# Mid level multiplication / sum.

My first item = 100. Each following item is = +100 (so my 5th item is worth 500)

How do I find the sum total of items 21 to 57?

...You know other than having a large sheet with all the items and pulling = sum ( range)

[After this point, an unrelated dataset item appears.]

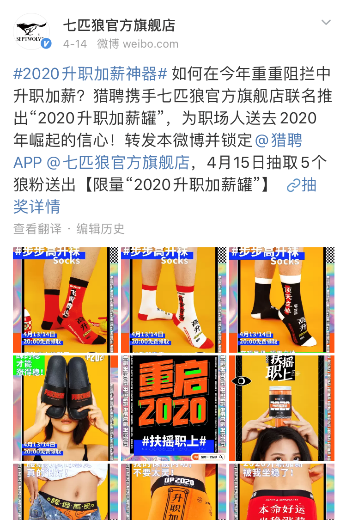 实际上,这并不是七匹狼电商第一次尝试破圈的社会化营销玩法。此前,七匹狼电商曾联合猎聘推出的“2020升职加薪神器”,精准切中职场人对于升职加薪的心理诉求;在520和七夕这两大情人节,分别与七度空间和中国邮政合作,推出限定情侣装;此外,还与老字号品牌宝芝林推出国风味十足的“啸江湖”系列,与中国青年报联合推出五四专款强国青年T恤等。

• Do you know the formula for the sum of an arithmetic series? It would be the easiest way to do this – Osama Ghani Jun 22 '17 at 8:35
• No, but now that you've put a name on what I'm looking for, I'll see how far I can self educate on the internetz. – helena4 Jun 22 '17 at 8:38

The average of the items between 2100 and 5700 is 3900. If we multiply the average of the items by the number of items we should get the sum of all the items. There are 37 total items between 21 and 57 so we multiply $$37*3900$$ which equals 144,300

• This is a good technique, you should point out though how to calculate the average. By definition it would be $(2100+2200+\dots +5700)/37$ but the sum in the nominator is what you want to calculate. However the average is also $(2100+5700)/2$ since we can pair the items together to give the same sum: $2300+5500=2200+5600=2100+5700$. – Mathematician 42 Jun 22 '17 at 8:50
• Ah the beauty of simplicity. – helena4 Jun 22 '17 at 9:10
• The most elegant answer wins! – Toby Mak Jun 22 '17 at 10:07

That's an arithmetic progression. You are given a progression $a_1=100$, $a_2=200$, ...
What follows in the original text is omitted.